ORLANDO, Fla. — A Florida prosecutor has agreed to allow DNA testing on evidence that helped convict a man for the 1975 murders of his wife, in-laws and an acquaintance at the family’s furniture store and landed him on death row.
Monique H. Worrell, who was elected state attorney for the Orlando area in November, has agreed to allow testing that Tommy Zeigler and his many supporters believe will show he is innocent of gunning down the four on Christmas Eve. Previous prosecutors have contended Zeigler staged the massacre as a robbery to collect his wife’s life insurance policy.
The Tampa Bay Times reports that Worrell’s office recently agreed to give all evidence in the case to Zeigler’s attorneys for testing at a lab certified by the American Society of Crime Laboratory Directors. The agreement will now go before a judge, but is expected to be approved.
In particular, Zeigler’s attorney wants to test his clothing to see if it has the victims’ blood on it and the fingernail clippings of his father-in-law, who fought his killer before being shot. A previous test in 2001 failed to detect any DNA from the victims on four small patches of his clothing, but prosecutors blocked attempts to do a full test, saying other evidence ties Zeigler to the murders.
“I am hoping and praying that the test results come back with enough evidence to force the court to grant me a new trial!” Zeigler wrote in a Thursday email to the Times.
Worrell reviewed the case when she lead the office’s conviction integrity unit and concluded Zeigler had not received a fair trial.
“Can the state of Florida legally decline to support additional DNA testing? Absolutely,” Worrell wrote in a 2019 memo to her predecessor. “Can the state of Florida morally justify a decline to support additional testing? Absolutely not.”
Her predecessor rejected her recommendation, but now the final decision was hers.
The killings happened at W.T. Zeigler Furniture in Winter Garden. Prosecutors contended at Zeigler’s 1976 trial that he lured his wife, Eunice, to the store to kill her, and her parents, Perry and Virginia Edwards, got in the way. A fruit picker Zeigler knew named Charlie Mays was killed, too. They had all been shot. They said Zeigler then shot himself in the stomach to make it appear that he, too, was a victim. They say he staged the robbery so he could collect on a $500,000 life insurance policy he took out on his wife just months before.
Zeigler said then and now that he went to the store to make some last-minute Christmas deliveries. Unbeknownst to him, his wife and in-laws, who had come to look at a recliner that was to be her father’s Christmas present, were already dead in various places in the store.
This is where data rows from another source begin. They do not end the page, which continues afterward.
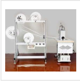
Ultrasonic Semi-Auto Dust Mask Machine
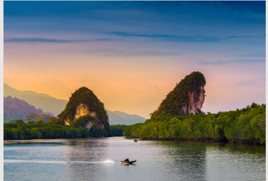
KHAO KHANAB NAM
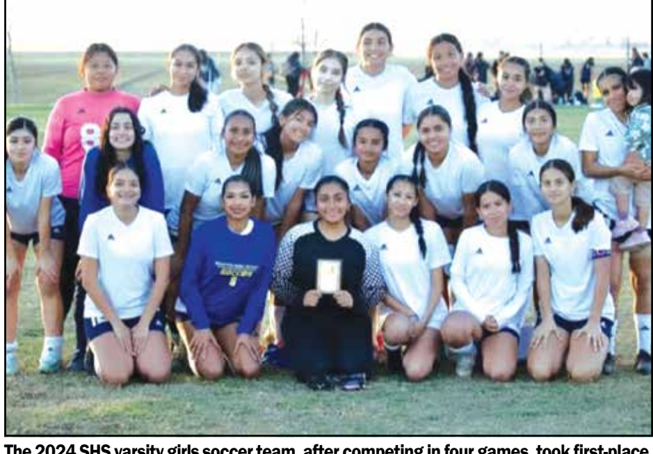
The 2024 SHS varsity girls soccer team, after competing in four games, took first-place.
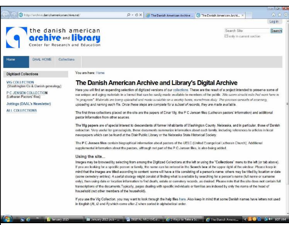
Opening page of the digital archive accessed from the DAAL website home page.
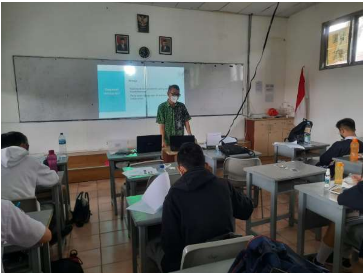
Figure 2. Counseling Process for Students of SMA Kalam Kudus II Jakarta
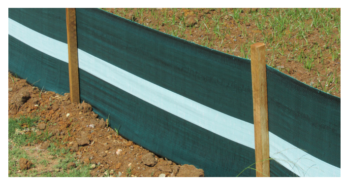
Typical sediment fence.
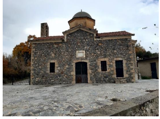
The renovated external view of Agios Nikolaos chapel

In conclusion, as you can see, a lot has been done, a lot is being done and a lot remains to be done. Our aim is to ensure that all the money resources of our parish are properly managed and the patriot donors to whom we thank them once again.
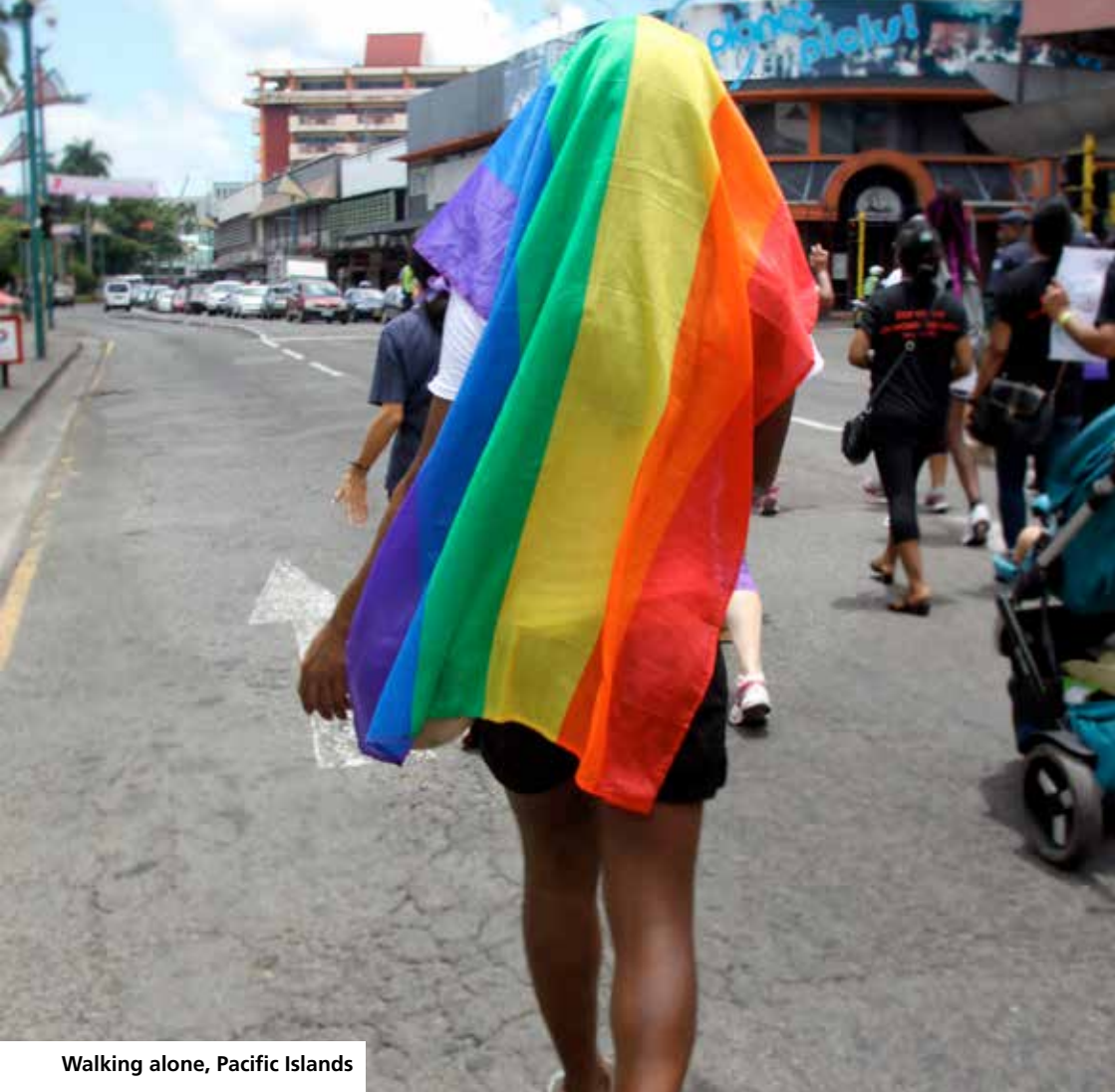
Walking alone, Pacific Islands
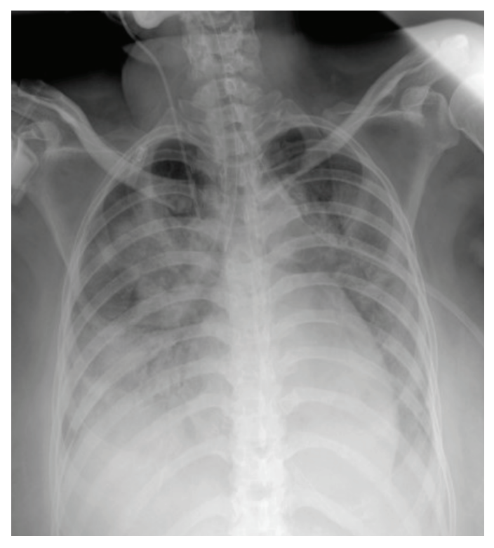
Figure 2. A 35-year-old, laboratory-confirmed COVID-19, pregnant woman with 25 weeks of pregnancy presented with fever and dyspnea. The patient developed hypoxic respiratory failure and was admitted to intensive care unit. Anteroposterior chest radiograph shows an ARDS pattern with ill-defined alveolar consolidation bilaterally in the predominantly lower zones

Descriptive analyses were performed for the characteristics of the patients. The normally distributed continuous random variables were expressed as the mean \pm standard deviation
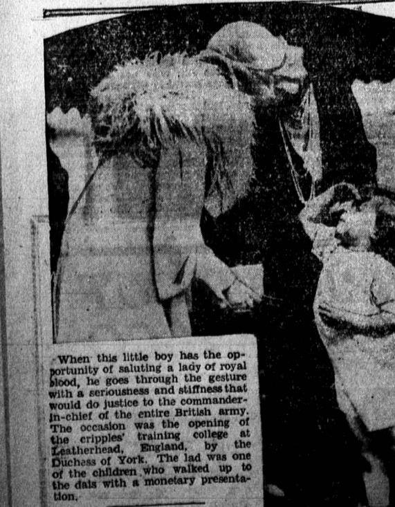
When this little boy has the opportunity of saluting a lady of royal blood, he goes through the gesture with a seriousness and stiffness that would do justice to the commander-in-chief of the entire British army. The occasion was the opening of the crippled training college at Leatherhead, England, by the Duchess of York. The lad was one of the children who walked up to the dais with a monetary presentation.

PEETERSFIELD, England, July 19.—Observing a servant girl with scaling a £50 ring police declared the inserted her own death notice in the papers after the alleged theft.
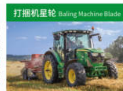
打捆机星轮 Baling Machine Blade
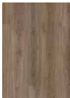
580 Fallow Oak
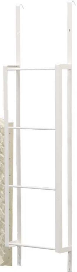
4 Rung Egress Ladder
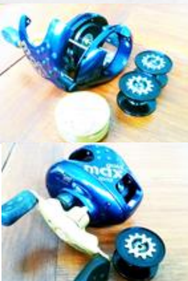
Rare blue Gold Max

Concept 2000 reels can be seen as ABU's follow up on the XLTs. Functionality and ergonomics were given high priorities and Austrian Achim Storz gave them an innovative shape. Pro Max, top model in the range, came with automatic 2-speed retrieve, 6 stainless steel bearings, Automag self-adjusting spool control, Camlock quick change spool, Fast Cast thumb bar, flipping switch and flip up hood. 2 sizes were available, Pro Max 1 – same size as the 521/XLT 1, and Pro Max 2 – same size as the 522/XLT 2. 1992 was the year ABU introduced their MATRIX, basically a system similar to «balanced tackle» a long used approach by ABU since the 40's to optimally matching rod and reel and suggesting the suitable rod to each reel model. The MAX reels, ABU's family name for the Concept 2000 reels, were listed in the MATRIX as:
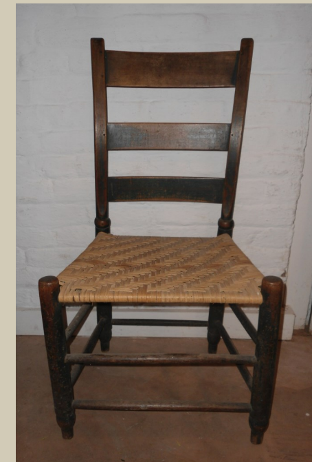
Ladder-back Chair , maple and hickory, made at the Kentucky State Penitentiary, mid-to-late 19th century
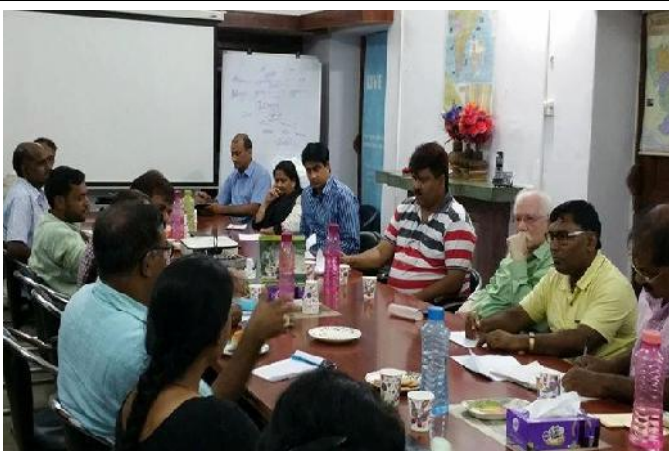
Meeting on VFE & RTE Forum, Bihar Chapt'r
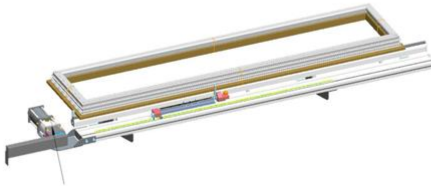
Punching machine optional (*Represented in the image, ZPX14330 punching machine)
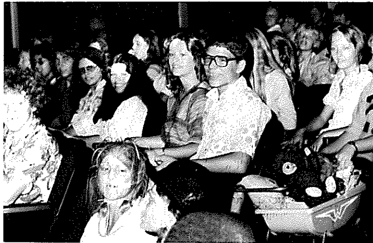
The meek and the lowly.

Slave Day means money for the Student Council, fun for upper classmen, and misery for the Freshmen. The vow they'll get even next year!
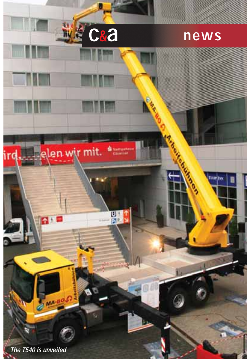
The T540 is unveiled

Both on paper and up close there is no denying that the T540 is an impressive machine with the highest working height and outreach. It also has a respectable platform capacity as well as the best outreach with maximum capacity. Having tried the T540 in wet and windy conditions the machine was very smooth and stable. The 40 metre outreach is dependent on load, slew position, and the platform size/type selected. The machine also has the widest outrigger spread which will undoubtedly affect its useable outreach. As with all machines the cost, distribution and brand preference will play a part in its success.
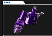
Upper Limb Joints
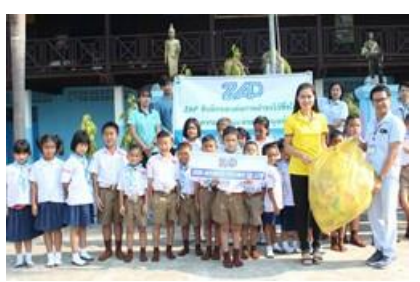
Donations to local schools
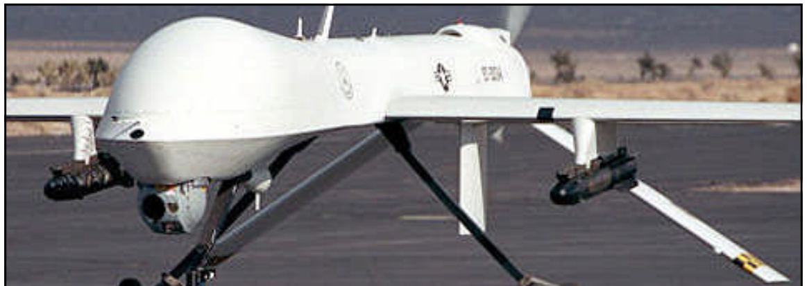
Hellfire Predator, U.S. weapon of choice in Afghanistan.

After WWII, with military strategists at last perceiving the many advantages of UAVs, the U.S. began to invest heavily in their development. In May 1960, U2 spy plane pilot Francis Gary Powers was shot down over the Soviet Union, which further encouraged the development of unmanned surveillance aircraft, this time under the code name of "Red Wagon." Camera-carrying drones were used widely for surveillance operations in the Vietnam War, the first Gulf War (1990-91), the Balkans conflicts of the 1990s, and in many subsequent theaters. By 2000 the United States was ready to use drones extensively as launch vehicles for missiles, and in 2001 the Afghans began to feel the benefits. On Nov. 3, 2002, C.I.A. operatives in Djibouti fired laser-guided Hellfire missiles from a drone at a passenger vehicle in Yemen, killing all the
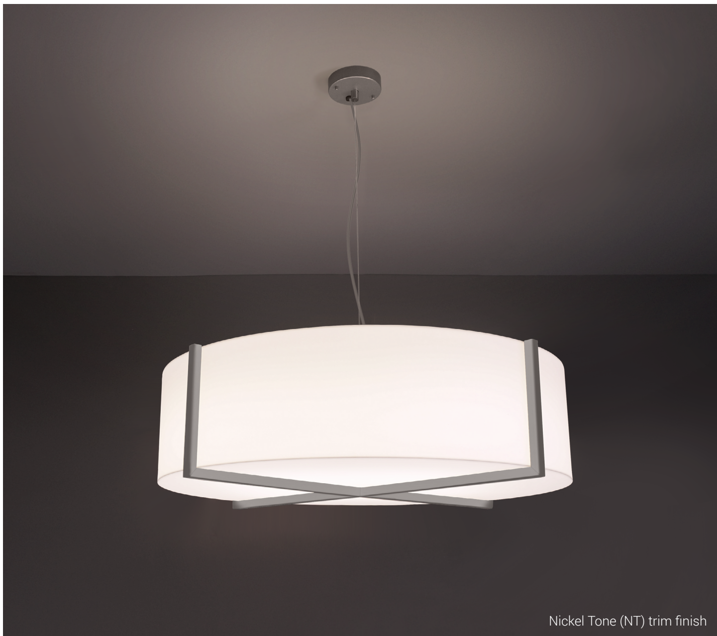
Nickel Tone (NT) trim finish
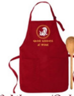
#2 Athena w/Owl in Red "Greek Goddess at Work"
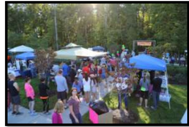
It is great seeing all the healthy, happy people utilizing the trails at Leopold's Preserve for the annual Haymarket Fall Fest Trail 5k and 1k Fun Run .
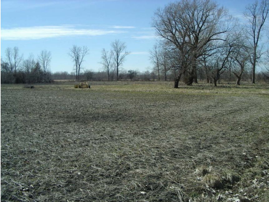
Photo 7 - View looking southwest across property, from the northeast corner.
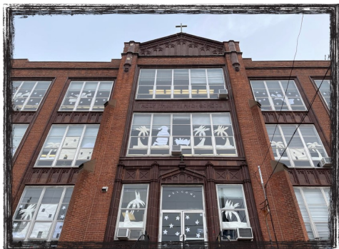
Santa kneels before the baby Jesus in this year's Christmas window display on the front side (middle window) of Holy Trinity School in Wallingford.

Just in time for the Wallingford Stroll in December, the eighth-grade students at Holy Trinity School in Wallingford completed their annual Christmas window display – to the delight of school neighbors and town residents.
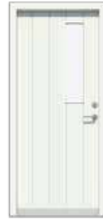
Vertical with small rectangle glass
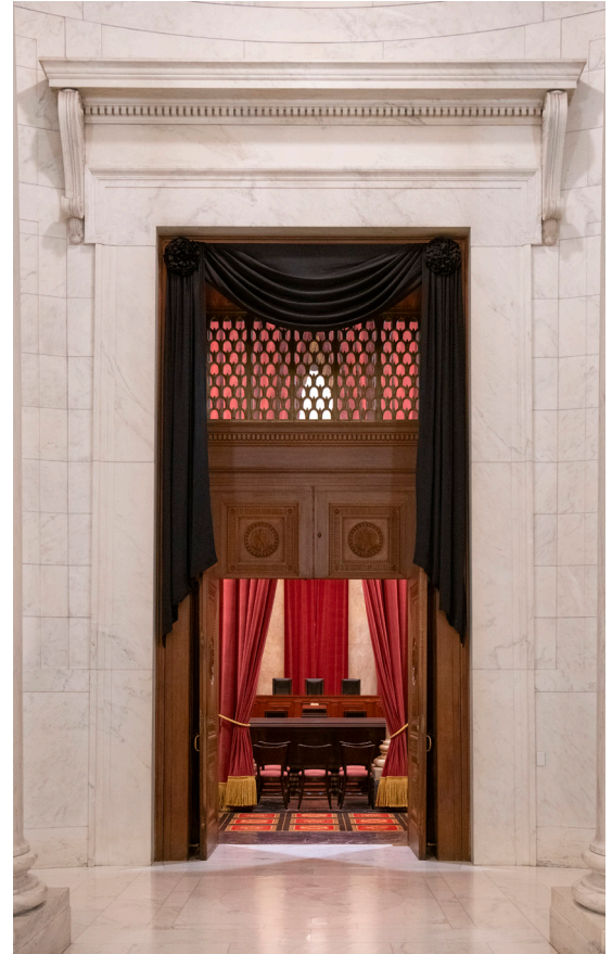
The Courtroom doors draped for Retired Justice Sandra Day O'Connor, 2023

The death of a sitting Justice is also recognized by draping the chair and the front of the Bench where the late Justice sat. These signs of mourning are traditionally left in place for 30 days.

After finding the lights shut off at the breaker box, he was hit over the head and beaten by two men. He lost his glasses but managed to find and fire one of the guns he kept in the store. He believes Mays — who had cash from the store stuffed in his pocket — was one of the attackers and was killed in the gunfight. Zeigler says that when he came to after being knocked out, he was the only one left alive in the store. Whoever else attacked him had fled.
Zeigler was found guilty on July 2, 1976, amid allegations of juror misconduct. One of the jurors, now dead, said in media interviews after the trial that she believed Zeigler was innocent and that she was harassed and coerced into voting guilty by other jurors who wanted to finish up in time for the nation’s Bicentennial celebration two days later. The jury then voted to recommend a life sentence, but the judge — in an exceedingly rare move in Florida — overruled the panel and sentenced him to death.
Zeigler has twice been scheduled to die, but the execution was stopped — once with less than a day to spare.
“The entire process has not been handled as it should have been,” said David Michaeli, one of Zeigler’s attorneys, told the Times earlier this year. “And if you don’t have a criminal justice system that works for Tommy Zeigler, you don’t have one that works for me or you, either.”